“TALASSERES?” SAID A voice.
It wasn’t the first time Tal had dreamed about Sethennai. It wasn’t even the first time he’d woken from such a dream immediately ready to kill someone.
It was the first time Sethennai had actually been there when he’d opened his eyes, though. His dark eyes were soft with concern, and he was brushing Tal’s cheek with the back of his fingers, and for a moment all Tal’s more pressing questions such as why am I still alive? were annihilated by an overwhelming fury.
“You,” said Tal. He jerked away from Sethennai’s hand, drawing his knees to his chest. “You were Keleiros all the time, you motherfucker, you—”
“Well, obviously, yes,” said Sethennai. “I’m sorry, of course, I suppose I should have told you—”
Tal found he did not give a shit about any of this. He saw Sethennai watching him with a kind of indulgent caution, as if Tal were someone else’s dog, and behind that, endlessly, he remembered Tsereg falling to the ground, their eyes as flat and dead as stones.
He struggled to his feet, up out of the shallow grave he’d been lying in.
“You’re in remarkably good shape, given how close you were,” said Sethennai, rising to face him. “And in general, you look well—”
“Shut the fuck up,” said Tal. “You might as well have killed them yourself.”
“Who?” said Sethennai, with genuine confusion.
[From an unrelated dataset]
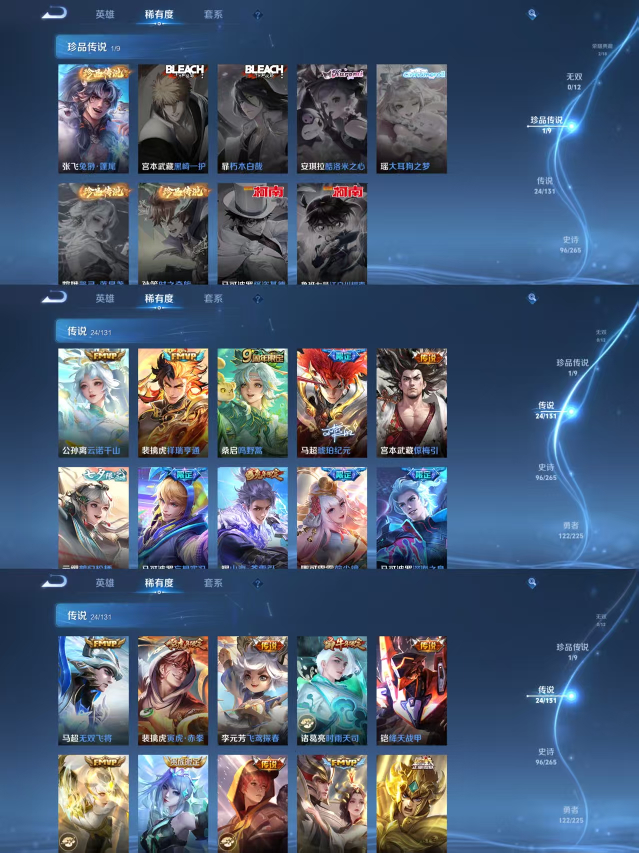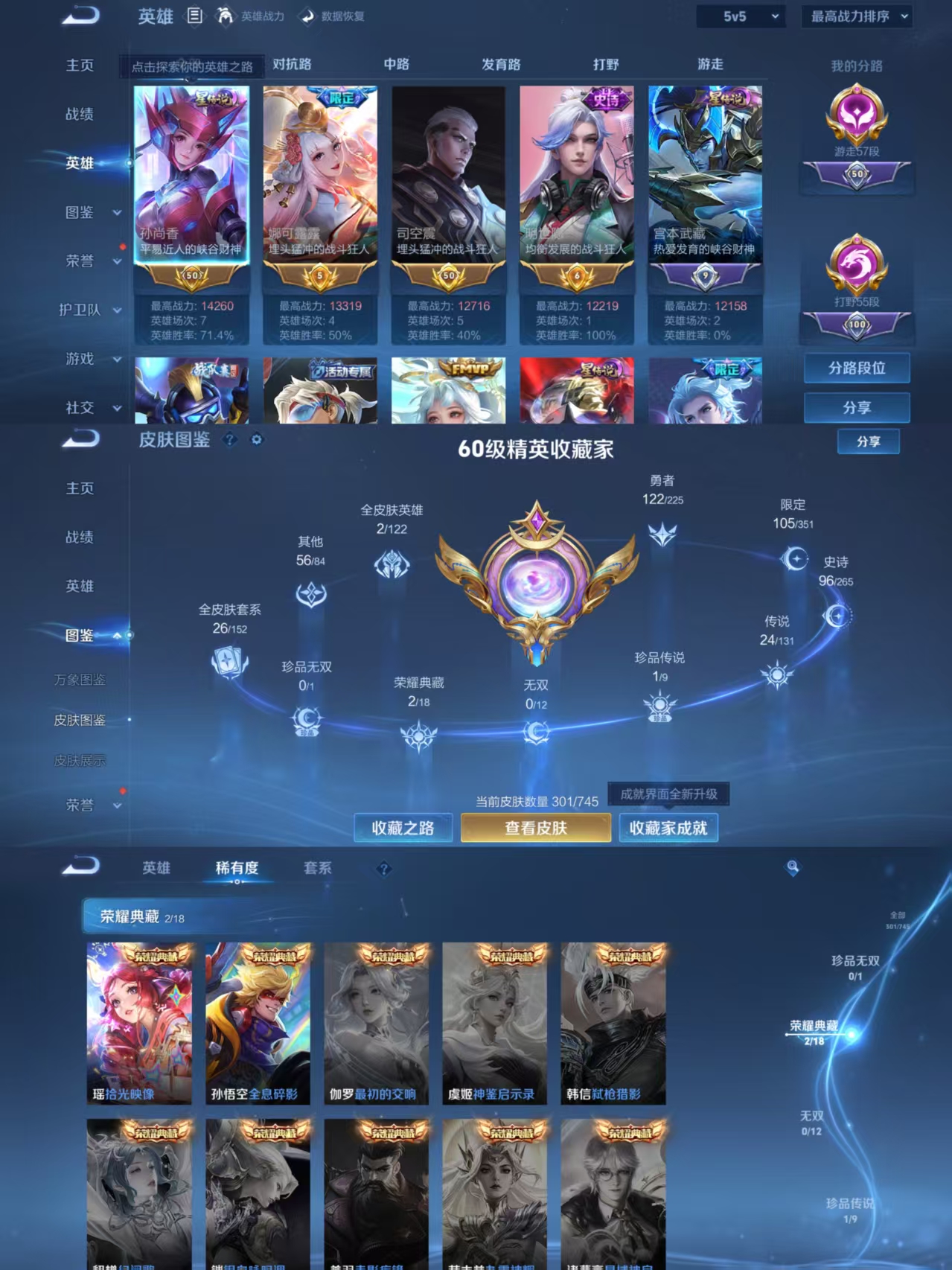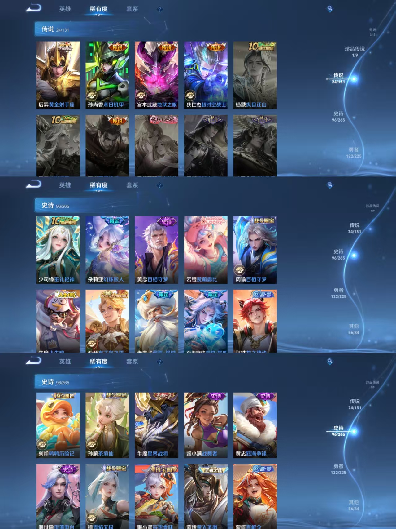贵族等级:v8皮肤数:301传说品质24 情人节限定2 生肖限定4 荣耀典藏2 珍品传说1 英雄数:127
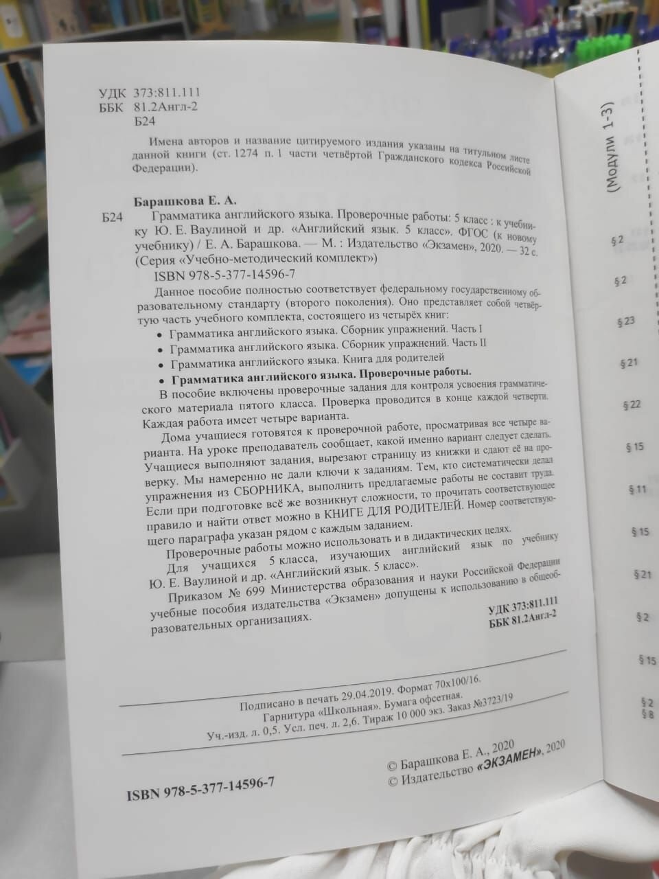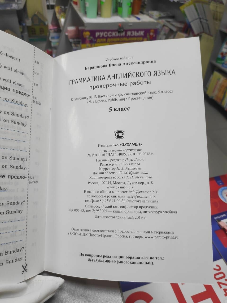 Сервис сравнения цен СкидкаГИД предлагает сравнить цены на товар «Книга: Грамматика английского языка. Проверочные работы. 5 класс: к учебнику Ю.Е. Ваулиной и др. (Барашкова Елена Александровна); Экзамен, 2022»

Tal punched him. It wasn’t his best punch of all time. He hadn’t planned to do it, so the angle wasn’t great, and his arm was half dead from lying in the grave. It still connected with Sethennai’s shoulder, a flat and heavy impact like punching a slab of solid oak, and Sethennai still stumbled back, startled.
Under other circumstances, this might have made Tal feel better, in a notice me now, you prick kind of way. Now all it did was add to the weight of grief a twist of panicked guilt and horror. He backed away, not knowing what to do with his hands, which felt awkward and alien to him.
Sethennai rolled his eyes. “You’re lucky I wasn’t shielded,” he said. “You mean Tsereg, I take it.”
“I should have known it was you,” said Tal. “Right away. Getting a teenager to fight your battles for you. You can’t resist.”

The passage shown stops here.